Omit all pictures. Quote only the lines from the one with "Tristan da Cunha's" through the end of the material below.

■ RECORDS FOR THIS TASK ■
● ● ● ●
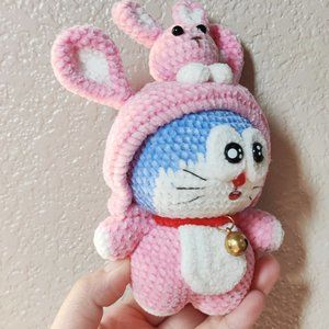 Handmade Amigurumi Crochet Doraemon Wearing a Bunny Hoodie
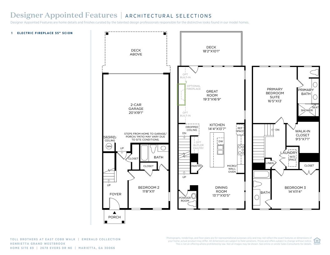 The Henrietta Grand features an open floor plan that blends luxury with style. Step inside the cozy foyer with stairs that lead up to the main living level. A beautiful great room seamlessly connects to the kitchen and a covered deck, creating an ideal environment for relaxing and entertaining. The kitchen is well-appointed, overlooking a cozy dining room and enhanced by a spacious center island that provides additional prep space and casual seating. The primary suite is tucked away on the third level, complete with an expansive walk-in closet and a luxurious private bath featuring dual sinks and a large shower with seat. Two secondary bedrooms, one on the third floor and one on the first floor, offer private baths and enhanced comfort for family or guests. Additional highlights include bedroom-level laundry, a convenient powder room on the main living level, and plenty of storage throughout.
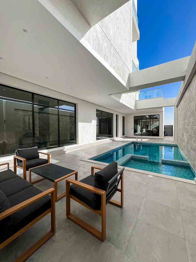 - 8 غرف ماستر جميع الغرف مطلة علي خور وبلكونات
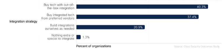 Interestingly, we were surprised to learn there’s virtually no difference in security outcomes between those that buy products with out-of-the-box integrations and those that build integrations on their own. Just under half (~49%) of organizations using either of these approaches report strong integration levels.
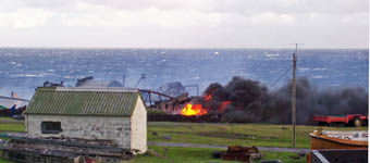 Tristan da Cunha's Fishing Factory was gutted by fire on the night of 12th / 13th February 2008 |
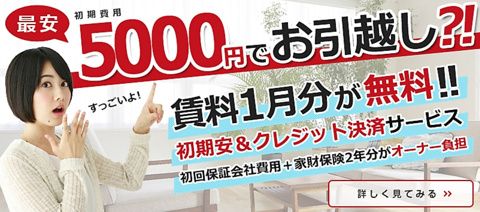 ※初期安プランは物件に限りがございます。ご希望のエリアに対象物件がない場合は初期費用全額クレジット決済(分割)でのお支払いも可能です。
● ● ● ●
■ WRITTEN SOLUTION ■
 Tristan da Cunha's Fishing Factory was gutted by fire on the night of 12th / 13th February 2008 |
 ※初期安プランは物件に限りがございます。ご希望のエリアに対象物件がない場合は初期費用全額クレジット決済(分割)でのお支払いも可能です。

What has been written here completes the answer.